Odor recognition in an attractor network model of the mammalian olfactory cortex

Odor recognition constitutes a key functional aspect of olfaction and in real-world scenarios it requires that odorants occurring in complex chemical mixtures are identified irrespective of their concentrations. We investigate this challenging pattern recognition problem in the framework of a three-stage computational model of the mammalian olfactory system. To this end, we first synthesize odor stimuli with the primary representations in the olfactory receptor neuron (ORN) layer and the secondary representations in the output of the olfactory bulb (OB) in the model. Next, sparse olfactory codes are extracted and fed into the recurrent network model, where as a result of Hebbian-like associative learning an attractor memory storage is produced. We demonstrate the capability of the resultant olfactory cortex (OC) model to perform robust odor recognition tasks and offer computational insights into the underlying network mechanisms.

Odor segmentation and identification in an abstract large-scale model of the mammalian olfactory system.

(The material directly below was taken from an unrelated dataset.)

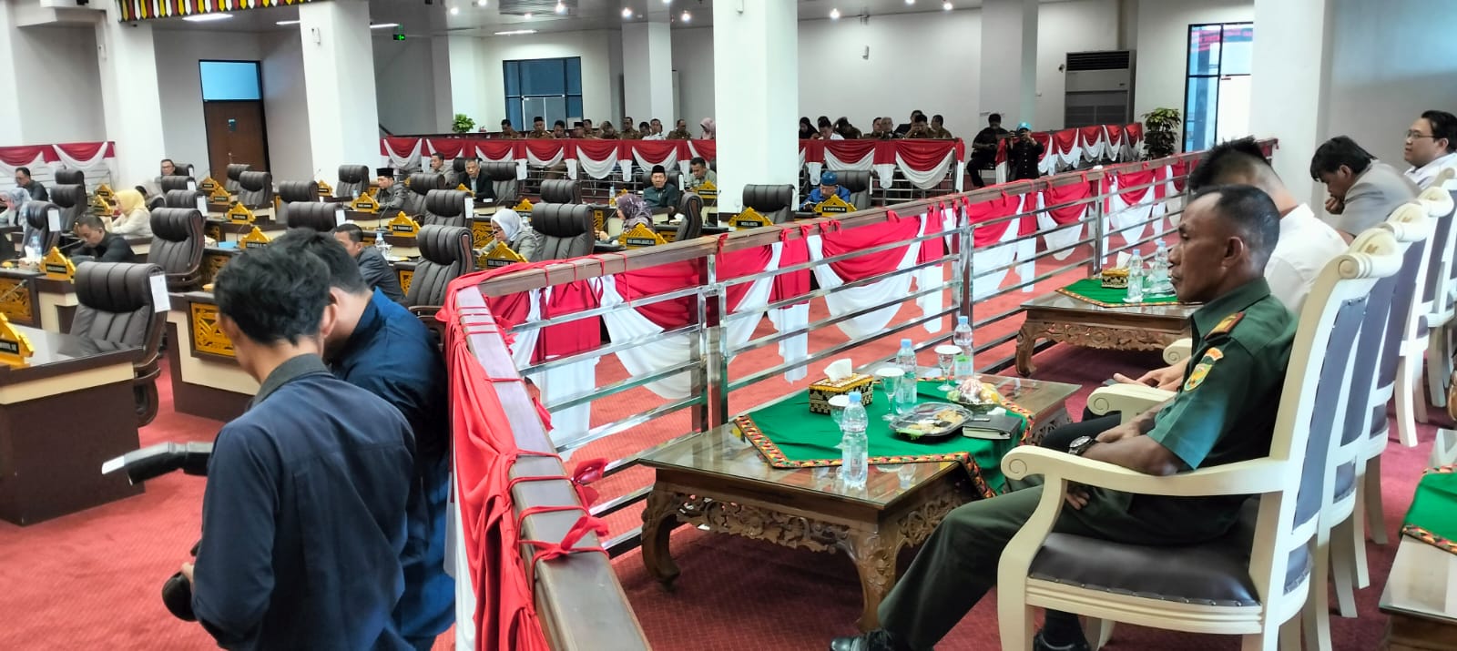 Danramil 424-06/Pringsewu Kapten Inf P. Rahmat H S.Sos., menghadiri Rapat Penyampaian Perubahan KUA dan Peeubahan PPAS Kabupaten Pringsewu Tahun Anggaran 2024 bertempat di Gedung DPRD Pringsewu, Senin (22/07/2024).

We integrate an olfactory epithelium and bulb (OB) model with an olfactory (piriform) cortex (OC) model, all comprising abstract graded units representing local populations of neurons, to demonstrate the overall systems applicability to odor recognition tasks. Large-scale simulations on a cluster computer allow us to evaluate an instance of the model with the size matching that of the olfactory system of a small mammal. The input data is synthesized with the intention to resemble the distribution of various features of early olfactory response patterns to naturalistic odor stimuli, e.g. [1,2]. Self-organization of the feedforward connectivity from the OB to the piriform cortex based on statistical properties of synthetic olfactory stimuli with the support of synaptic plasticity provide the capacity for generating sparse and distributed cortical representations [3]. At the cortical level, associative functions resulting from recurrent connectivity with Hebbian plasticity implement attractor memory storage and pattern processing, e.g. completion and rivalry [4]. Adaptation in cortical units, mimicking neuronal spike frequency adaptation, serves as an underlying mechanism for odor segmentation. We also investigate how backprojecting connections from the OC to the OB facilitate context dependent stimulus identification. The model is evaluated in real-world scenarios involving odor classification and segmentation in noisy environments. Firstly, the network is trained to perform concentration invariant odor recognition. Secondly, the model identifies single-ligand components of odor mixtures it is subjected to in a testing phase. Finally, the effect of context dependence is evaluated by examining the systems capability to recognize specific low intensity stimuli when it is forced into an arousal state. Preliminary results show the dependence of performance on the network size, the number of odors and the complexity of their early olfactory activation patterns. In a broader context, the proposed large-scale abstract models of holistic olfactory processing implements a multiscale approach to modeling olfaction. After the network has been trained, its connection matrices are utilized in simulating a more biophysically realistic model of the mammalian olfactory system (for details see poster by Kaplan et al.).